Not much, I’m afraid, unless you count the warren of dust bunnies and snowdrifts of dog fur. Back when space was a premium, I used it to store all the surplus books that wouldn’t fit on my old bookshelf. Part of the plan when we set to build the new house was an actual space for a personal library, and now that I have twenty-six feet of wall dedicated to the care and storage of books, I don’t need to have my copy of The Foundation Trilogy gathering dust like a neglected hair tie.
What was the scariest moment of your life?
Back when I first got my paramedic certification, I was working for a small fire department out in the panhandle of Florida. Since paramedics were in short supply for that department, two weeks after I had the paper in my hand I was assigned to ride in charge of one of the three county ambulances. Now, by this point I’d had a few good fires, seen some interesting and terrible things, but this was different. When you’re the only paramedic in the vehicle, there’s not an opportunity to turn to someone and ask them to take over when it gets to be too much.
So, as these things tend to happen, my first shift riding in charge we get dispatched to an unconscious child. This kid’s somewhere between eighteen months and three years old, and when we arrive his mother just thrusts him into my arms, trying to explain in Spanish what’s happening. Nobody on scene’s available to do any kind of translating and the only information I have comes from what I can see, and I can see this kid’s very sick. He’s burning up, he’s unresponsive, he’s breathing like there’s a frog lodged in his chest. All of this coming together at once came close to being overwhelming, but I was fortunate enough to have received good training from some very skilled instructors. My partner and I load the kid and his mom up and start heading to the hospital, with me in the back starting treatment. It’s almost forty-five minutes to the hospital, but by that point the kid started coming around. He’d had a febrile seizure, a fairly common thing for kids that age with a spike in fever, and turned out okay in the end, but that call sticks out to me as one of the more frightening ones of my career. It’s not scary while it’s happening, mind you. While you’re in the moment, all you think about it the next step, the next solution. Training takes over and there’s no time for anything but fixing what’s wrong. The fear comes after.

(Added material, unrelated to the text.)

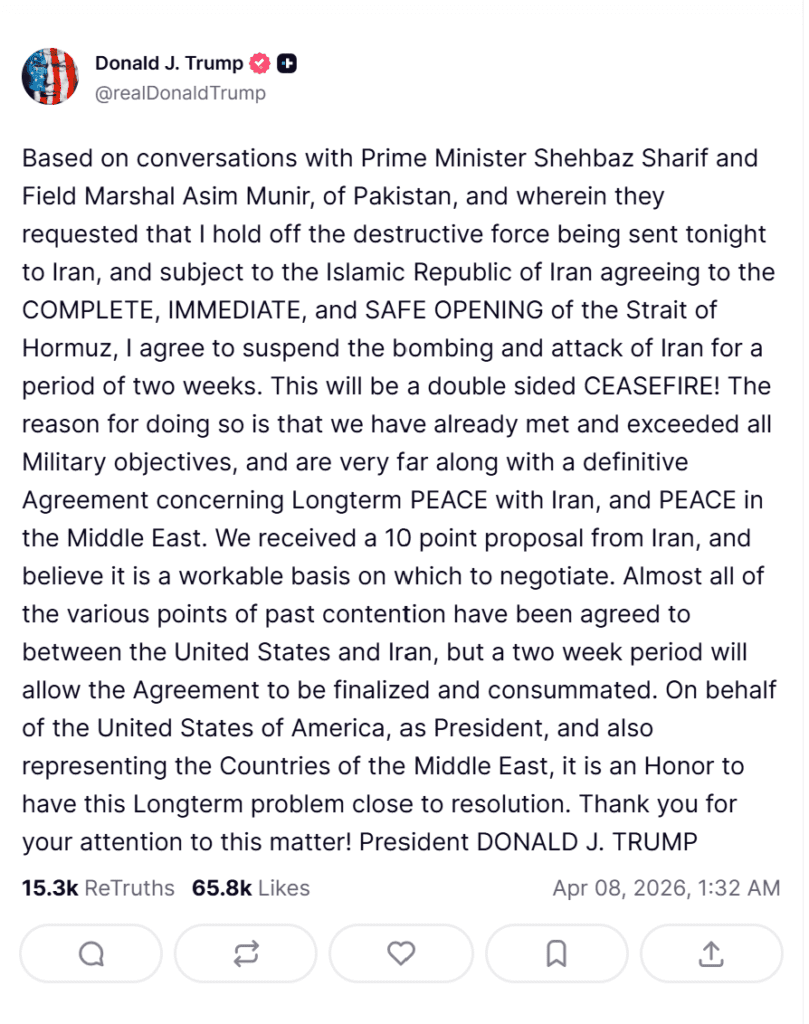President Donald Trump’s sudden announcement of a two-week ceasefire with Iran has offered the world a temporary sense of relief after weeks of escalating conflict. The agreement, tied directly to Iran reopening the Strait of Hormuz, immediately shifted both geopolitical tension and financial markets.

Do you listen to music while writing? If so what?
My Spotify playlist for writing is something like 27 hours long, so yes, I do listen to some music while writing. I’ve got such a wide variety of genres and artists on the list, it’s hard to think of something I don’t listen to. I’m a huge fan of the classics, so there’s a lot of Credence Clearwater Revival, AC/DC, Beatles, Styx and the like. Some more modern stuff, in the vein of Cake, Andrew W.K., Cults, Caravan Palace. I’ve been big into IDKHOW lately, and Alex Turner was my most-listened to artist of last year.
What is something you’d like to accomplish in your writing career next year?
I’d like to have the sequel to Dragon(e) Baby Gone under contract and on its way out into the wider world. Right now, I’m finishing up a final round of edits before moving forward, but Witches Get Stitches is nearing completion.
How long did it take you to write this book?
The first draft of Dragon(e) Baby Gone took me almost eight months to hammer out, with polish and revisions adding more time on top of that. Honestly, I was sort of writing it between other projects at first and it wasn’t until the last two months that I really settled down and got after it. Probably 75% of the book was written in that last stretch.